Revision Arthroplasty Indian Medical PG Question 10: False about fracture of vertebrae
- A. Fracture dislocation is common in flexion rotation injury
- B. Chance fracture occurs due to flexion distraction injury
- C. Wedge compression causes flexion injury
- D. Anterior longitudinal ligament runs along the posterior surface of vertebral bodies (Correct Answer)
Revision Arthroplasty Explanation: ***Anterior longitudinal ligament runs along the posterior surface of vertebral bodies***
- The **anterior longitudinal ligament (ALL)** runs along the **anterior aspect** of the vertebral bodies, preventing hyperextension.
- The **posterior longitudinal ligament (PLL)** runs along the posterior surface of the vertebral bodies, within the vertebral canal.
*Fracture dislocation is common in flexion rotation injury*
- **Flexion-rotation injuries** are highly unstable and frequently lead to **fracture-dislocations** of the vertebral column.
- The combined forces cause significant disruption of both bony and ligamentous structures, increasing the likelihood of displacement.
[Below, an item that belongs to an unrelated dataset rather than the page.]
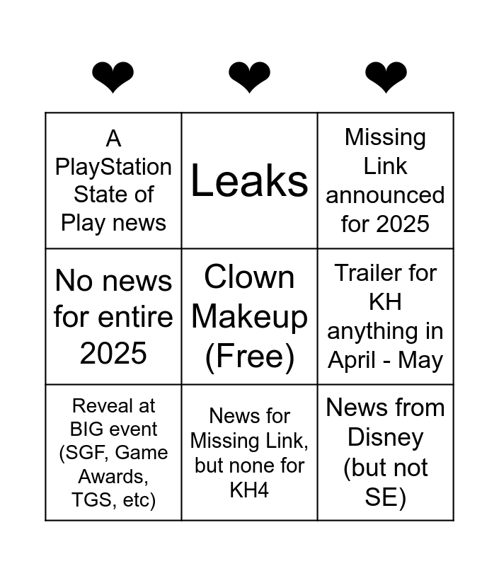 This bingo card has a free space and 8 words: Trailer for KH anything in April - May, Missing Link announced for 2025, Leaks, Reveal at BIG event (SGF, Game Awards, TGS, etc), A PlayStation State of Play news, News from Disney (but not SE), No news for entire 2025 and News for Missing Link, but none for KH4.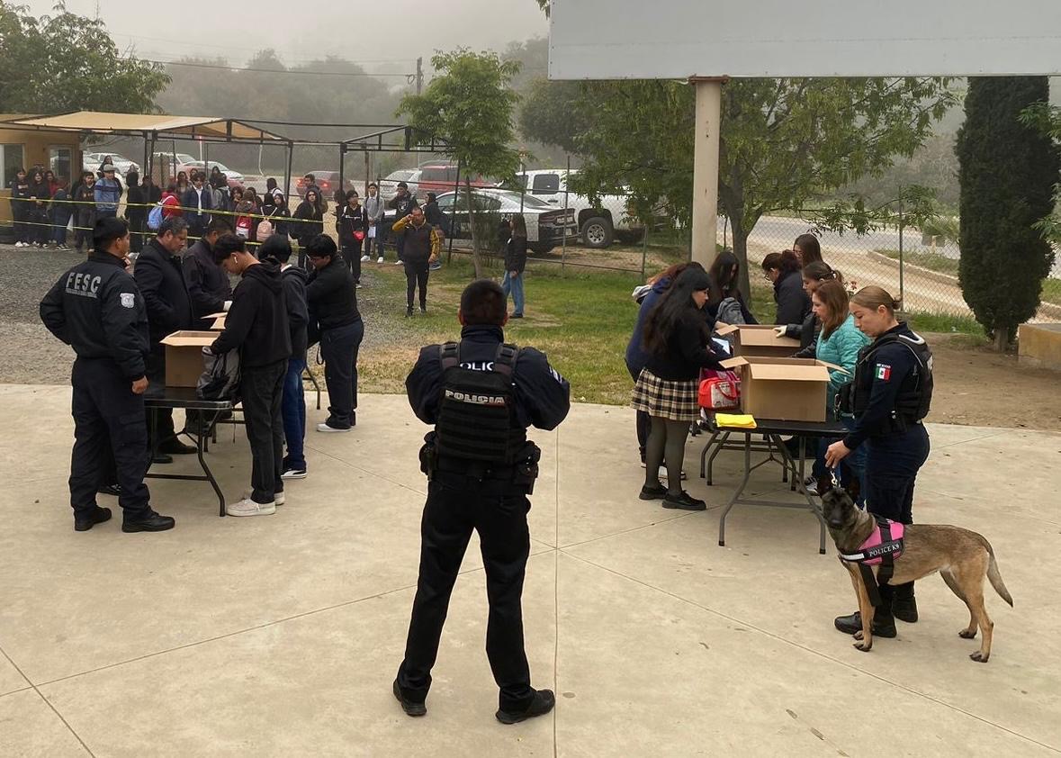 *Ensenada, Baja California, a viernes 11 de abril de 2025.-* La Dirección de Seguridad Pública Municipal (DSPM), a través de la subdirección de Prevención del Delito, en coordinación interinstitucional con la Secretaría de Seguridad Ciudadana del Estado —a través del área de Prevención a las Violencias— y la Fiscalía General del Estado —mediante la Agencia Estatal de Investigación y su área de Prevención del Delito— llevó a cabo filtros preventivos a las afueras de los planteles COBACH Encinos y CBTis 41.

*Chance fracture occurs due to flexion distraction injury*
- A **Chance fracture** (or seatbelt fracture) is caused by a **flexion-distraction injury**, typically seen in individuals wearing lap belts during deceleration.
- This mechanism results in a horizontal splitting of the vertebral body and posterior elements.
*Wedge compression causes flexion injury*
- A **wedge compression fracture** is the most common type of vertebral fracture and results from a **flexion injury** (hyperflexion).
- The anterior portion of the vertebral body collapses, creating a wedge shape, while the posterior column remains intact.